Synchronized updates allow you to avoid having the characters you are trying to measure shown on screen. But that just solves the first issue I mentioned. In addition, it introduces more steps to the process of measuring a character's width, so the performance may be even worse depending on how you use it.

As absurd as it may sound, I think the only way around the issues I mentioned is to tacke this issue the other way around, and have the client application tell the terminal whether the characters it is printing should be displayed as single- or double-width. This way the application's expectations would match the actual display, so there could be no screen garbling because of width mismatches. And since this would just require a one-way communication from the application to the terminal, it would avoid the performance penalty of having to wait for replies from the terminal, and it would also avoid any conflicts with user input.

unxed commented 2 months ago

That sounds pretty reasonable! Could you offer a draft standard? It could be implemented, for example, in far2l built-in terminal or maybe in kitty if the author is willing to do so.

unxed commented 2 months ago

By the way, since we are talking about Unicode support. Could you please tell me if grapheme clusters can have varying displayed widths depending on neighboring grapheme clusters? Or is the width of a grapheme cluster a fixed value? I haven't been able to figure this out yet, maybe you know? Thank you!

magiblot commented 2 months ago

Hi @unxed. Regarding your question on grapheme clusters, I don't know much about these details of the Unicode specification, so I can't help you. All I know is that I cannot expect the average terminal emulator to be fully compliant with Unicode. Not just because some terminals never intended to be compliant in the first place, but also because the specification evolves over time and implementations may become outdated (e.g. the internet is full of different implementations of wcwidth each of which adheres to a different version of Unicode).

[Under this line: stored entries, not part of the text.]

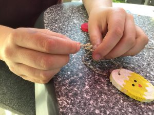 Wenn Ihr alle Eier bemalt habt, müsst Ihr nur noch kurze Stücke von der Schnur abschneiden, durch das Loch fädeln und verknoten.
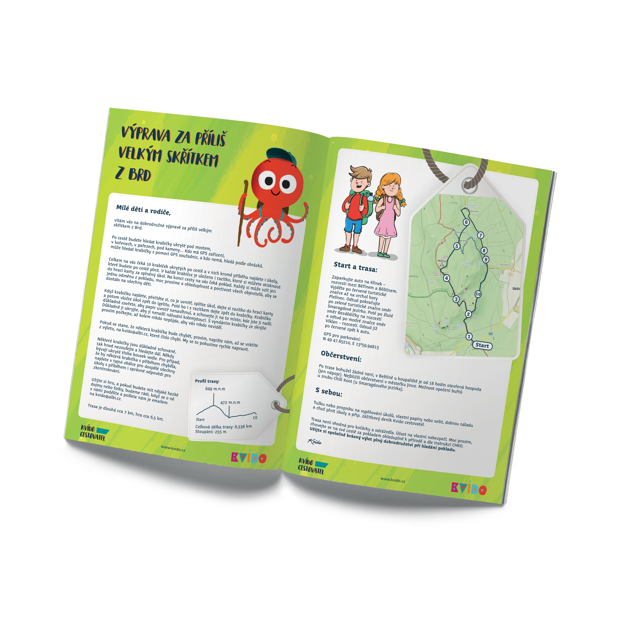 Kvídovy Zážitkové cesty po České republice zpestří váš rodinný výlet a putování přírodou. Na děti od 4 let cestou čeká celkem 10 úkolů, které jsou ukryté na různých místech v přírodě. Úkoly budou hledat pomocí přiložené mapy a fotografií míst. V cíli na každého cestovatele čeká jeden malý poklad. Zážitkové cesty od Kvída v dětech prohlubují zájem o přírodu, pohyb a touhu objevovat krásy České republiky. Celková délka trasy za pokladem je cca 7 km, hra je na trase dlouhé 6,5 km. Trasa není vhodná pro kočárky a odrážedla. Proč je Cesta za pokladem určena pouze pro 1 rodinu? Počet dárků, které se nám vejdou do truhličky s pokladem, je limitovaný. Proto si prosím vezměte z pokladu pouze odměnu dle počtu dětí ve vaší rodině (tj. 1-4 max). Samozřejmě se můžete na výlet vydat i s přáteli, ale z pokladu si na jeden poukaz vezměte maximálně 4 odměny. Moc děkujeme za vaši ohleduplnost k ostatním objevitelům. Lokalita: Brdy Zkontrolujte na Kvido.cz aktuálnost vaší cesty za pokladem! Cestovatelé, pozor – cesty za pokladem pravidelně kontrolujeme, v rámci údržby nebo při změně přírodních podmínek může docházet k aktualizaci tras nebo umístění stanovišť. Každá tištěná verze Cesty za pokladem obsahuje unikátní kód – ten můžete použít na stránkách Kvido.cz a stáhnout si PDF s aktualizovanými informacemi. Zda je cesta aktualizována (i datum aktualizace) najdete vždy v detailu vaší Cesty za pokladem na Kvido.cz. Cesta za pokladem obsahuje: popis cesty za pokladem s 10 zastávkami s úkoly pro děti, fotografie míst s GPS souřadnicemi, obálku pro dospělé s pohádkovým příběhem a úkoly pro děti včetně správných odpovědí, arch pro otištění razítek a celkovou mapu trasy. Myslete na naši přírodu – Cestu za pokladem si můžete pořídit i v PDF verzi. Více informací najdete na www.kvido.cz. Cesty za pokladem pro vás zpřístupňujeme a udržujeme od 1. 5. do 2. 11.!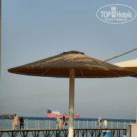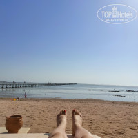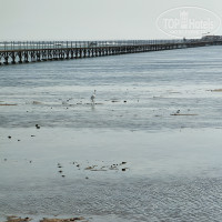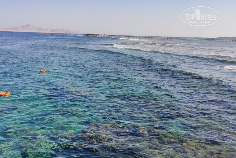 Море: понтон 800 метров. Мы ходили два раза на море иногда, вообще без проблем Заходов четыре получается. Три на мелководье и в конце глубина. С утра был красный флаг, иногда после обеда до трёх примерно. У берега сидят с детками или сами, вода зависит от прилива и отлива. Рыбок много на третьем заходе, с маской там каждый день была. Есть лежаки.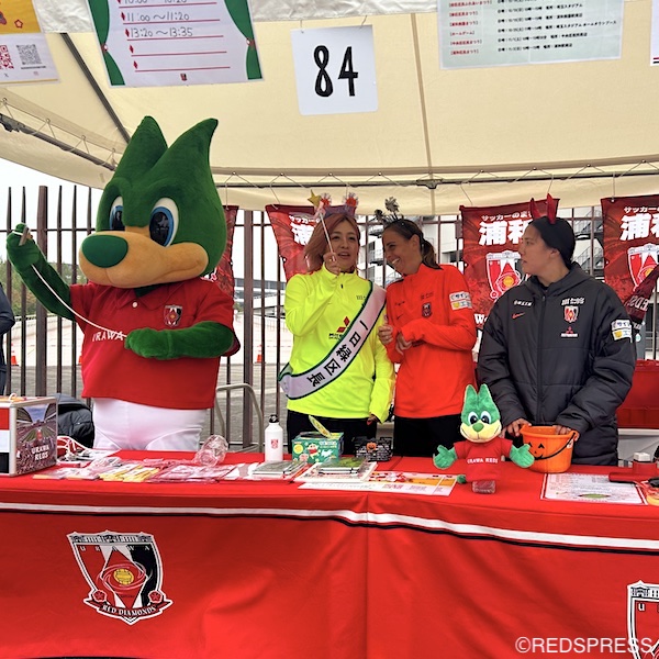 霧雨降る中、埼スタ南広場に設けられたステージには池田一日緑区長と、レディア、緑区マスコットキャラクター『緑太郎』、そして今シーズンに加入したタンチュリエ ローリーとサンシャイン フォンテスの2名も登壇した。その後、浦和レッズのブースへ移動し、会場に訪れた方々と、写真撮影またはサインの交流に臨んだ。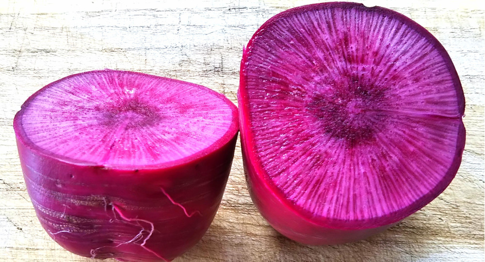 紅大根は、眼精疲労などに効果的のようです。また、冷え性を解消する働きや抗酸化作用もあるので、ダイエット効果や老化防止も期待できるようです。便秘予防や辛味成分が殺菌効果などにも✨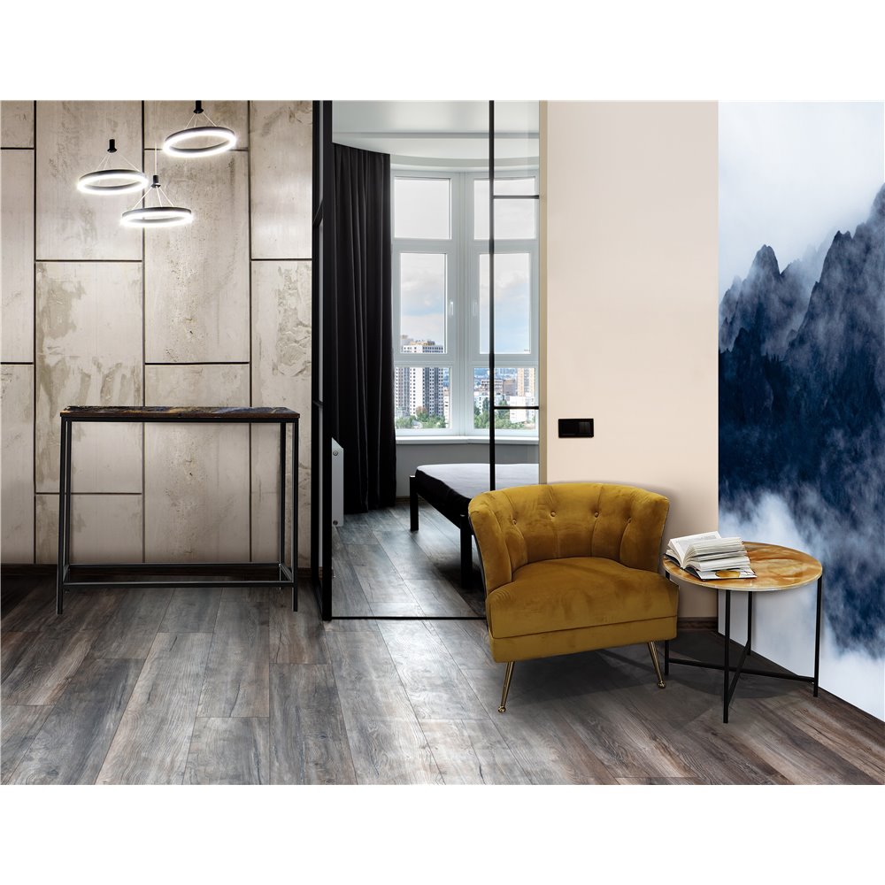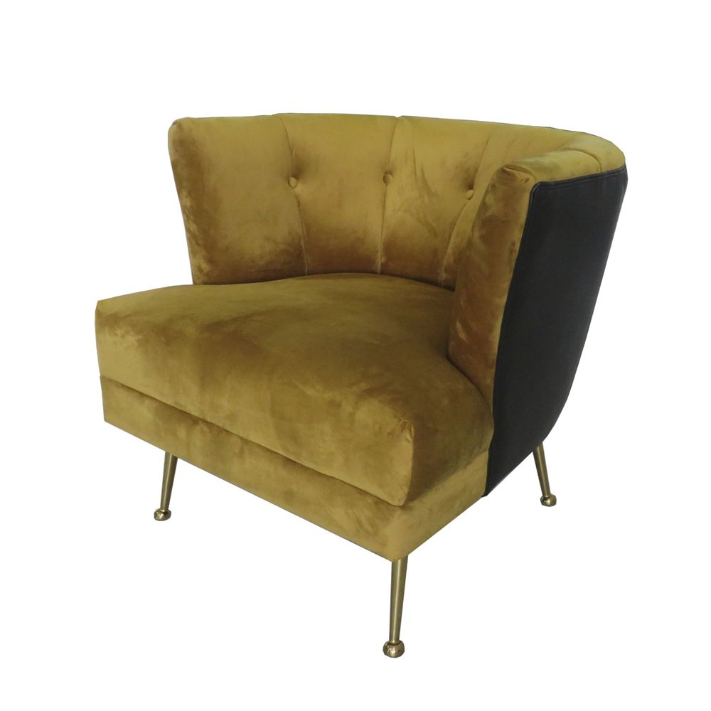 Florence szykowny fotel tapicerowany w musztardowym welurze na złotych nóżkach 71/76/81 cm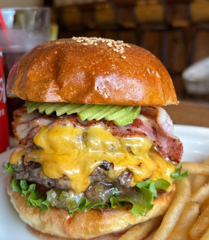 「BLACK AND BLUE」の看板メニューは、なんといっても絶品のハンバーガーです。バンズ、パティ、ソース、それぞれの素材一つひとつにこだわりが詰まっています。ジューシーな肉汁あふれるパティと、ふっくらとしたバンズ、そして特製のソースが絶妙なハーモニーを奏でます。見た目のインパクトはもちろん、一口食べればそのこだわりが伝わるはずです。一度食べたら忘れられない、やみつきになる美味しさをぜひご体験ください。

A clear example of this was the behaviour of Kate's embedded terminal widget by the time I wrote the following comment: https://github.com/magiblot/tvision/issues/26#issuecomment-719964250

Does Turbo Vision need to delegate Unicode processing to a external library? Actually, it doesn't. Turbo Vision is not a text editing component. What it needs to know is how text is displayed on the terminal, and this is platform-dependent, while the Unicode standard is not. So it doesn't help me at all to know that "👨‍👩‍👧‍👦" is a grapheme cluster if the terminal will display it differently:

That's why I think that attempting to solve the issue of character widths by focusing on Unicode standard compliancy is not the best idea. For this to work, both the application and the terminal emulator should either implement these complex Unicode logics, or rely on third-party dependencies that implement such logics. Even if they did so, the Unicode support in them would inevitably be in risk of becoming outdated, unless both these programs and/or the systems where they would be running kept receiving updates.

Considering that one of the main points of text-based applications is portability (e.g. being able to run in a remote host), it seems to me that tackling this issue in this way would be senseless.

Having the client application ask the terminal the width of text is a possible solution, but it will only work performantly in specific scenarios with very low latency. It takes at least 1 write operation and 1 read operation to measure the width of one character; the time it will take you to complete the whole process is proportional to the latency of the connection between the client and the terminal and to the amount of characters you need to measure, and therefore this is clearly not viable in many cases.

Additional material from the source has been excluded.